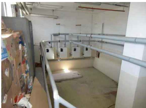
interiér obj. 04
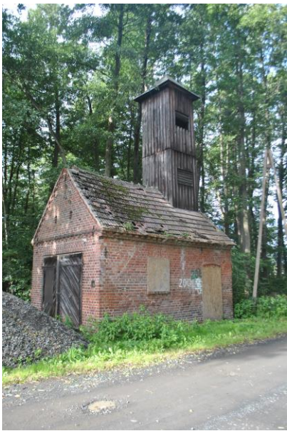
Remiza, widok od SE
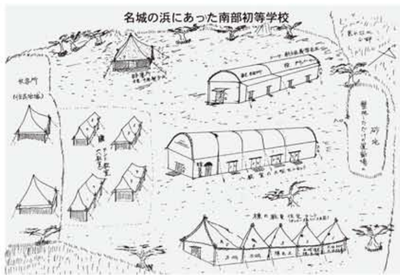
『真壁小学校創立百周年の歩み』より

摩文仁村民の疎開指定地は恩納村名嘉真であった。役場からの勧めに応じて最初に疎開した人々は、トラックで名嘉真に向かった。艦砲射撃が始まった後にも、人々は馬車や徒歩で名嘉真に向かっている。摩文仁村出身者の山原疎開者は190人で、うち66人が大度出身者であった。
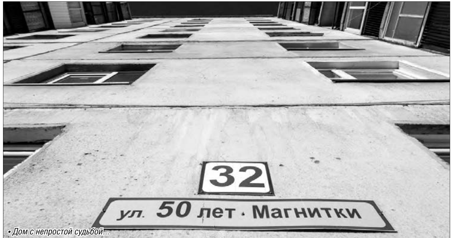
• Дом с непростой судьбой...

В конце 2014 года группа собственников дома №32 обратилась в управляющую компанию ООО «Магнит-Сервис» с предложением, чтобы та взяла на себя ответственность по управлению МКД. В соответствии с действующим законодательством, нормами Жилищного кодекса РФ прошла проце-
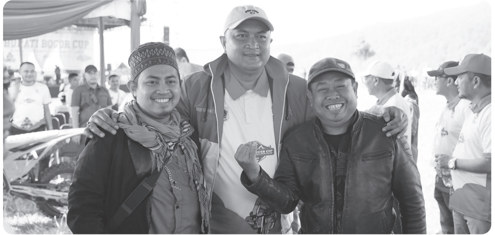
Bupati Bogor meyakini destinasi kawasan Taman Nasional Gunung Halimun Salak, akan dapat memajukan perekonomian, Desa Malasari, Kecamatan Nanggung.
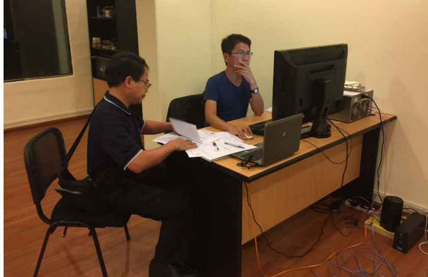
圖 5 卡文公司緬甸辦公室稽核實況
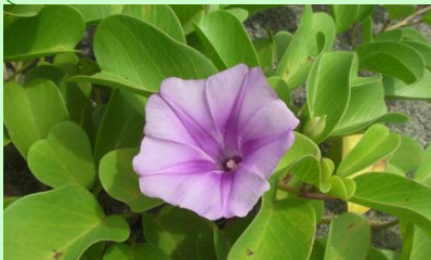
ゲンバイヒルガオ 宮崎県レッドリスト：絶滅危惧ⅠB類

一方で、ゴミの不法投棄や、砂浜への車の乗り入れなどが環境におよぼす影響を指摘されています。
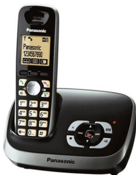
Telefon im Jahr 2001
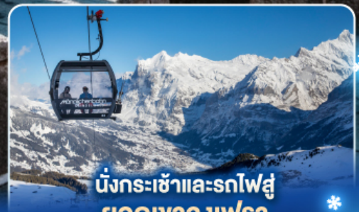
นั่งกระเช้าและรถไฟสู่ ยอดเขาจุงเฟรา
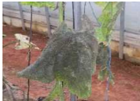
【진딧물에 의한 그을음병】

⇒ 이들 해충은 초기에 방제해야 효과적이므로 끈끈이트랩을 활용하여 주의 깊게 예찰하고, 발견 초기에 적용약제로 방제
■ ■ ■
• [TASK REQUIREMENTS]
Here the job is to retype exactly the lines that start at the one containing "с непростой судьбой..." and run through the end of the records above, leaving out pictures.

• [RESULT OF THE TASK]
• Дом с непростой судьбой...

В конце 2014 года группа собственников дома №32 обратилась в управляющую компанию ООО «Магнит-Сервис» с предложением, чтобы та взяла на себя ответственность по управлению МКД. В соответствии с действующим законодательством, нормами Жилищного кодекса РФ прошла проце-
Bupati Bogor meyakini destinasi kawasan Taman Nasional Gunung Halimun Salak, akan dapat memajukan perekonomian, Desa Malasari, Kecamatan Nanggung.
圖 5 卡文公司緬甸辦公室稽核實況
ゲンバイヒルガオ 宮崎県レッドリスト：絶滅危惧ⅠB類

一方で、ゴミの不法投棄や、砂浜への車の乗り入れなどが環境におよぼす影響を指摘されています。
Telefon im Jahr 2001
นั่งกระเช้าและรถไฟสู่ ยอดเขาจุงเฟรา
【진딧물에 의한 그을음병】

⇒ 이들 해충은 초기에 방제해야 효과적이므로 끈끈이트랩을 활용하여 주의 깊게 예찰하고, 발견 초기에 적용약제로 방제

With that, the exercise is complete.